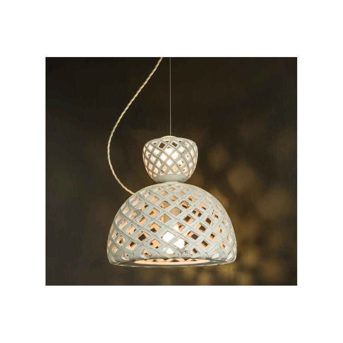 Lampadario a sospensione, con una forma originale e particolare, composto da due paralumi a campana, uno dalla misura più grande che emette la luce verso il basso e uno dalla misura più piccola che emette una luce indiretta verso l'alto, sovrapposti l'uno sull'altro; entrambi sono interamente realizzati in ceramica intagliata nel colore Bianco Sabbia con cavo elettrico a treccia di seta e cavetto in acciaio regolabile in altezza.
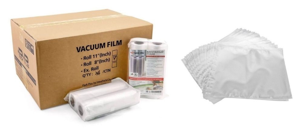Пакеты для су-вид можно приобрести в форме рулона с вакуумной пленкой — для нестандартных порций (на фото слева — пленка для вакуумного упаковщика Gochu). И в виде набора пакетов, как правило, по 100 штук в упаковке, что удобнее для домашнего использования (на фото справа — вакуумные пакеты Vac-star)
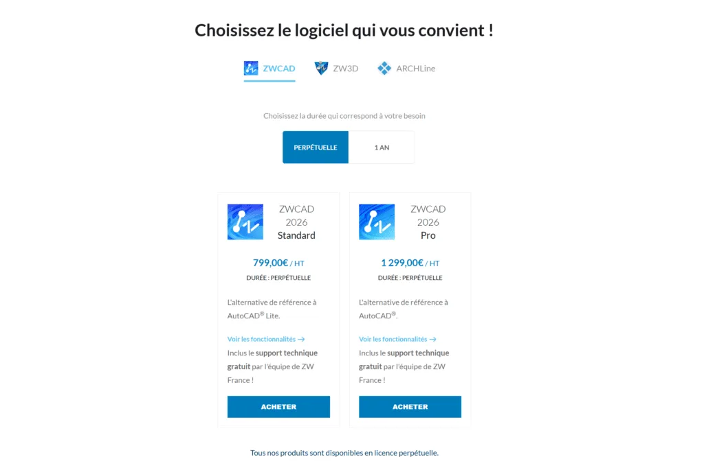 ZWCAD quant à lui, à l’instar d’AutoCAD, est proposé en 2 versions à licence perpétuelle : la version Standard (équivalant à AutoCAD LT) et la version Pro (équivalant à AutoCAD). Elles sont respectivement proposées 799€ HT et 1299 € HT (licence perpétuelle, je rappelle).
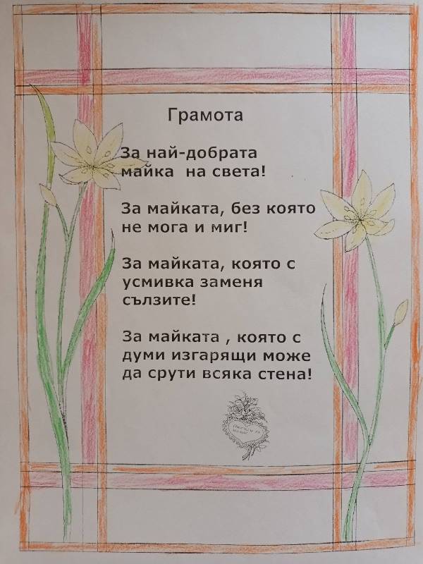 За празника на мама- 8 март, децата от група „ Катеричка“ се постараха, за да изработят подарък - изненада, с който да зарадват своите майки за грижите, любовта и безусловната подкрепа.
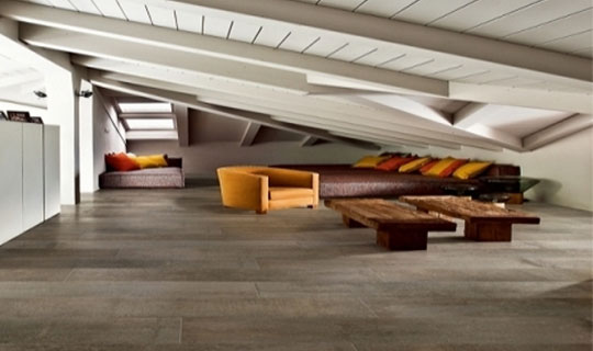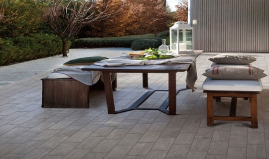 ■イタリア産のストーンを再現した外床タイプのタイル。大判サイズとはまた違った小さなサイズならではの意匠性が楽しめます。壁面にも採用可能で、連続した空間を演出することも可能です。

▶ **Prompt**
Every line from the one containing "ZWCAD quant à" to the end of the material above is to be returned exactly, with the pictures left out.

▶ **Finished exercise**
 ZWCAD quant à lui, à l’instar d’AutoCAD, est proposé en 2 versions à licence perpétuelle : la version Standard (équivalant à AutoCAD LT) et la version Pro (équivalant à AutoCAD). Elles sont respectivement proposées 799€ HT et 1299 € HT (licence perpétuelle, je rappelle).
 За празника на мама- 8 март, децата от група „ Катеричка“ се постараха, за да изработят подарък - изненада, с който да зарадват своите майки за грижите, любовта и безусловната подкрепа.
 ■イタリア産のストーンを再現した外床タイプのタイル。大判サイズとはまた違った小さなサイズならではの意匠性が楽しめます。壁面にも採用可能で、連続した空間を演出することも可能です。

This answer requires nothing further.